I have added four tests that explors ±1, ±2, ±3, and ±4:

B = +1 and +2:
sums_12p

B = -1 and -2:
sums_12m

B = +3 and +4:
sums_34p

B = -3 and -4:
sums_34m

We will wait and merge this PR until 6.2.0 has been released, hence WIP.

@PaulWessel PaulWessel added this to the Future release milestone May 20, 2021
@PaulWessel PaulWessel self-assigned this May 20, 2021
Copy link
Member

@maxrjones maxrjones left a comment

Choose a reason for hiding this comment

The reason will be displayed to describe this comment to others. Learn more.

Nice. The operators need to be added to the table in doc/rst/source/grdmath.rst. I think both the descriptions in grdmath.c and grdmath.rst should specify that SUMROW is left to right and SUMCOL is bottom to top, since the column behavior is different than for similar functions, for example in MATLAB.

@PaulWessel
Copy link
Member Author

OK, I will udate the docs. We should have a discussion about the direction of SUMCOL. Since once can combine it with FLIPUD the direction can easily be changed. I was thinking it must made more sense to go in positive x and y directions. Opionions on this topic, @GenericMappingTools/core and @GenericMappingTools/gmt-contributors ?

@joa-quim
Copy link
Member

I don't understand the discussion. What does it matter if summation along columns ate bottom-up or top-down (same for rows)?
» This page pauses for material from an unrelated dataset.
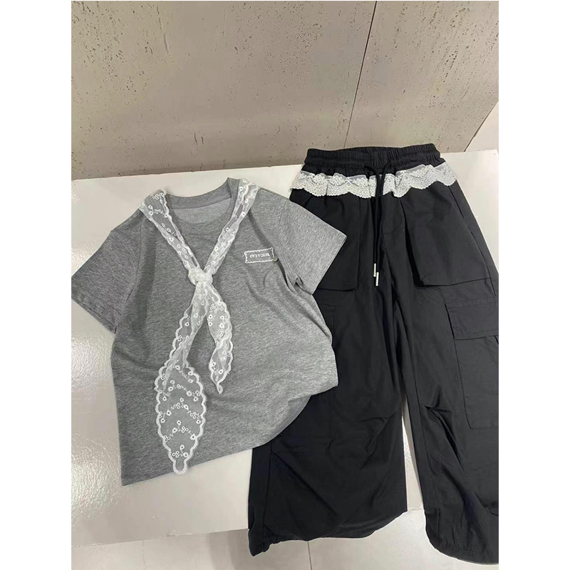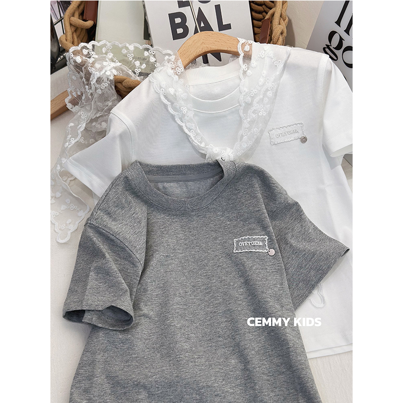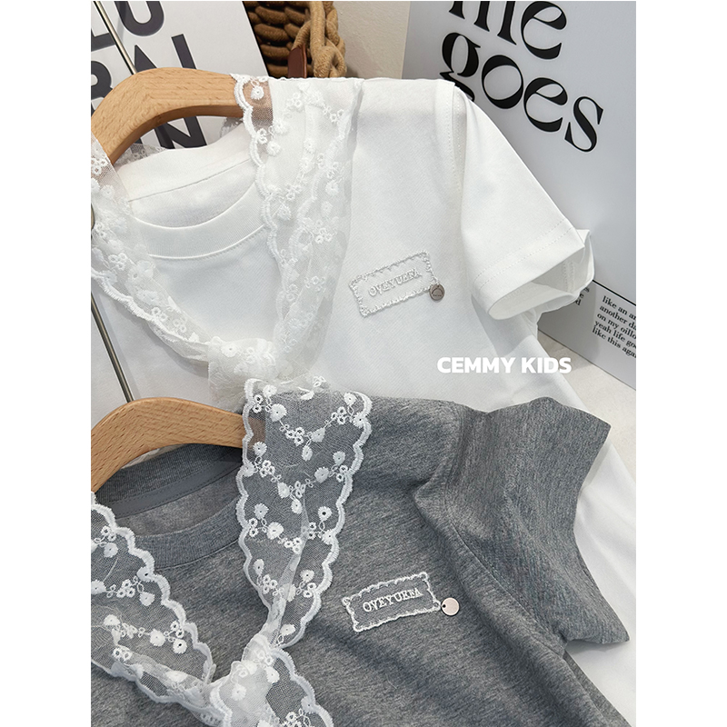 嗨大E小e2025夏装新款女中大童气质款亲子蕾丝花边短袖T恤25095

Numerical additions are not commutative and when numbers span across orders of magnitude there are algorithms that intend to be more accurate by adding first the small values to avoid them to fall into to the eps range of the large values. But we are not in that league.

@PaulWessel
Copy link
Member Author

True, but here order is important so we could not sum small values first since that would not yield a cumulative sum. I think as long as we are consistent and going in positive x and y directions then anyone who wants it backwards simply uses FLIPLR or FLIPUD prior to the corresponding SUM operator, no?

@maxrjones
Copy link
Member

Either is fine as long as it is documented. MATLAB and numpy both have cumulative sum methods that add top to bottom, but it is not required to follow them.

@joa-quim
Copy link
Member

Sorry, I read first posts in mail and didn't see the figures. That also answered another doubt I had. I think the operators should be called CUMSUMCOL and CUMSUMROW. Calling the SUM and then doing an accumulated sum is very confusing.

@PaulWessel
Copy link
Member Author

OK, I can see that. Note thought that in gmt math we have

`SUM        1  1    Cumulative sum of A`

That description is pretty clear I think. I settled on SUMCOL etc because then the operator will be listed near SUM and it says right there what they do. Users probably would search for SUM rather than something with cumulative to find these, no?

@joa-quim
Copy link
Member

Well, I'm speaking from myself. When I saw the description at https://github.com/GenericMappingTools/gmt/pull/5239/files/f8a02d4fd04a01dcf5a8ebca61cd7a68d85b431d..374f02452c47c1335ddd71eb9878e6f476b53387
I could not really understand if means a SUM or a CUMSUM.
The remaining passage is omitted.